Yeah, that old yarn. But it’s true. All the things that make your body feel good — serotonin, dopamine, endorphins — get released right into your bloodstream when you exercise. Plus, being healthier physically is good for your health mentally. Double plus, when you make your body do something you feel BLECH about you have scored a victory that will empower you to score more victories. Sometimes in the winter when I can’t make myself get out of my pajamas or leave the house, I just ride my stationary bike in the living room while playing a video game where I stab men, like Assassin’s Creed: Syndicate or something like that. It’s a win-win-win.

Meditation!

The reason I won’t shut up about meditation is because meditation has changed my life more than anything I can remember since I morphed into an adult. It’s actually one of the reasons I think I was able to identify the symptoms of SAD the day they started this year instead of realizing it in the middle of January while sleeping inside a blanket fort I hadn’t managed to leave in two weeks. Because I have ADHD I just assumed I’d never be able to mediate, but at A-Camp a couple of years ago, Dr. Liz Castle told me she also has ADHD and anyone can meditate. She showed me the way. (She even showed me the research that meditation and mindfulness can literally change the neural pathways in your brain to help you physically not get as stressed out and anxious.) Now I use the Headspace app, which I know is definitely not for everyone, but is absolutely for me. 20 minutes a day with Headspace makes me calmer, happier, gentler (with myself and other people), and more aware of what’s going on with my brain and body.
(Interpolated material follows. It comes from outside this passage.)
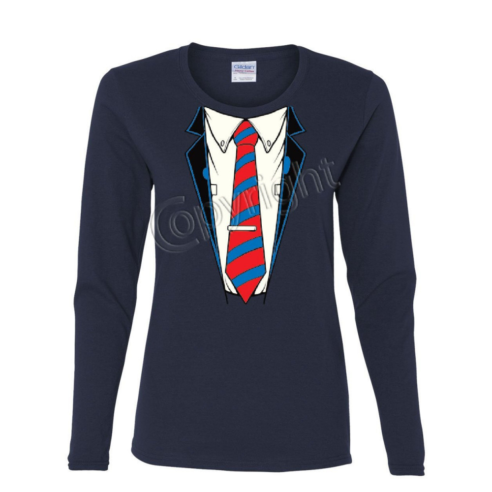 SHIRT AND TIE women's long sleeve t-shirt office suit casual funny navy blue
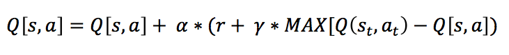 - MAX[Q(st,at) calcula el valor máximo de Q dentro de todas las posibles acciones que aparecen en el siguiente estado, se resta con los valores del estado actual y se calcula el máximo.

Another app a lot of people like is Calm, and it has the added bonus of various white noises and a woman narrator.

Sleep!

One of the worst thing about depression is how it makes you so tired but also refuses to let you sleep — and not getting enough sleep makes SAD much worse. Regular life things are already harder when you’re struggling with SAD; you don’t need the added sluggishness, irritability, and inability to focus that come from not getting enough sleep. You have to guard your sleep like a dragon guards her treasure, which is a pretty good metaphor because my therapist is always telling me sleeping is like depositing energy into my body bank. Try not keeping your phone in your bedroom, or try keeping it out of reach, or keeping it on do not disturb mode a few hours before bed. Try that with all screens. Drink a soothing tea. Take a warm bath. Buy a fancy sleep mask. Invest in some sleeping headphones. Listen to ASMR videos. Do whatever you need to do to get your brain and body ready for bed.

Even when I do all of these things and eat my vegetables and take my vitamins, the winter months are really tough for me. Doing this stuff doesn’t make my SAD symptoms go away, but it does make them more manageable. What are some of your SAD coping strategies?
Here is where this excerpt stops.